Download or read book The Palgrave Handbook of Magical Realism in the Twenty First Century written by Richard Perez and published by Springer Nature. This book was released on 2020-04-30 with total page 651 pages. Available in PDF, EPUB and Kindle. Book excerpt: The Palgrave Handbook of Magical Realism in the Twenty-First Century examines magical realism in literatures from around the globe. Featuring twenty-seven essays written by leading scholars, this anthology argues that literary expressions of magical realism proliferate globally in the twenty-first century due to travel and migrations, the shrinking of time and space, and the growing encroachment of human life on nature. In this global context, magical realism addresses twenty-first-century politics, aesthetics, identity, and social/national formations where contact between and within cultures has exponentially increased, altering how communities and nations imagine themselves. This text assembles a group of critics throughout the world—the Americas, Europe, Africa, Asia, the Middle East, and Australia—who employ multiple theoretical approaches to examine the different ways magical realism in literature has transitioned to a global practice; thus, signaling a new stage in the history and development of the genre.

Book Studies in Indian Writing in English

Download or read book Studies in Indian Writing in English written by Mittapalli Rajeshwar and published by Atlantic Publishers & Distri. This book was released on 2000 with total page 240 pages. Available in PDF, EPUB and Kindle. Book excerpt: During The Seventy Years Of Its Effective History Indian Writing In English Crossed Many Miles Stones And Has Come To Be Finally Accepted As A Major Literature Of The World.
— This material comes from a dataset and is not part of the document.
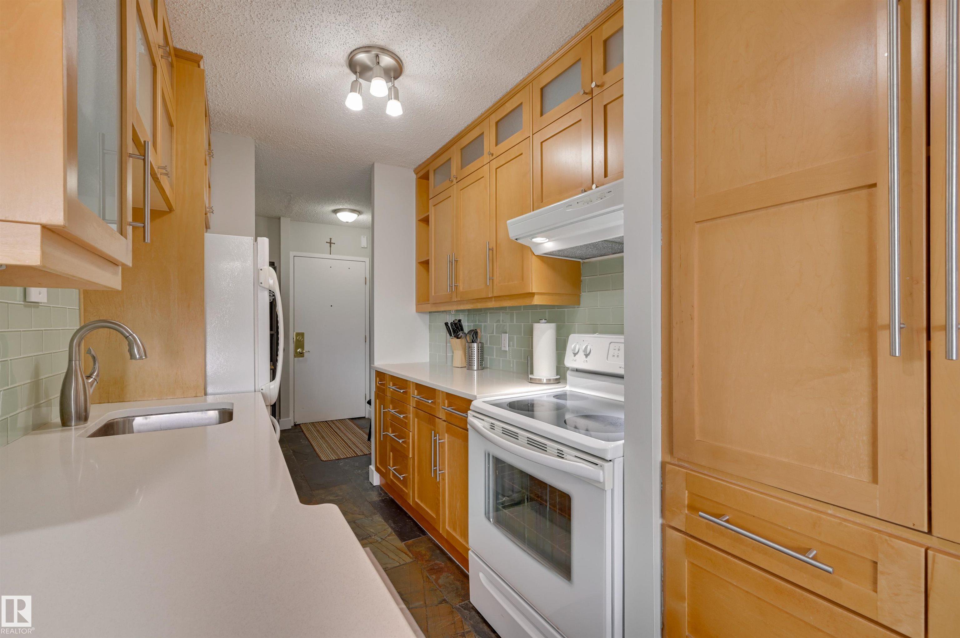 Bright, spacious, and beautifully updated 2-bedroom condo just steps from the Government Centre LRT—offering effortless access to the U of A, downtown, and beyond. Ideally situated near the River Valley trails, this condo combines urban convenience with outdoor living. Both bedrooms are generously sized, with the primary featuring a full ensuite. Recent upgrades include newer flooring, a modernized kitchen, updated bathrooms, and fresh paint throughout. Enjoy the east-facing views of the Legislature and River Valley from the large private balcony. The building features excellent amenities, including a social room with outdoor patio, plus a lounge with billiards, darts, and shuffleboard. Complete with in-suite laundry and additional storage—an exceptional opportunity in a prime location.

Having Won Almost Every Important Literary Prize In The Recent Few Years, Iwe Has Become Immensely Popular With The Common International Readers And Critics Alike. If Its Being Prescribed For Study In Universities Across The World Is Any Indication, The Place Of Iwe In The Canon Is Secure Forever.This Anthology Of Critical Articles Attempts To Evaluate Some Of The Major Indian Poets And Novelists And Their Influential Works From Refreshingly New Perspectives Historical, Socio-Economic, Existential, Mythological, Philosophical-Religious And Environmental.The Writers Studied Here Include Anand, Narayan, Raja Rao, Malgonkar, Bhattacharya, Joshi, Desai, Markandaya, Sahgal, Ezekiel And Ramanujan. An Interesting Addition To This Volume Are A Couple Of Articles On The Diaspora Writers Such Rohinton Mistry And The South African Indian Poets And Novelists.It Is Hoped That This Book Will Prove Itself Highly Useful To All Who Are Seriously Interested In Indian Writing In English.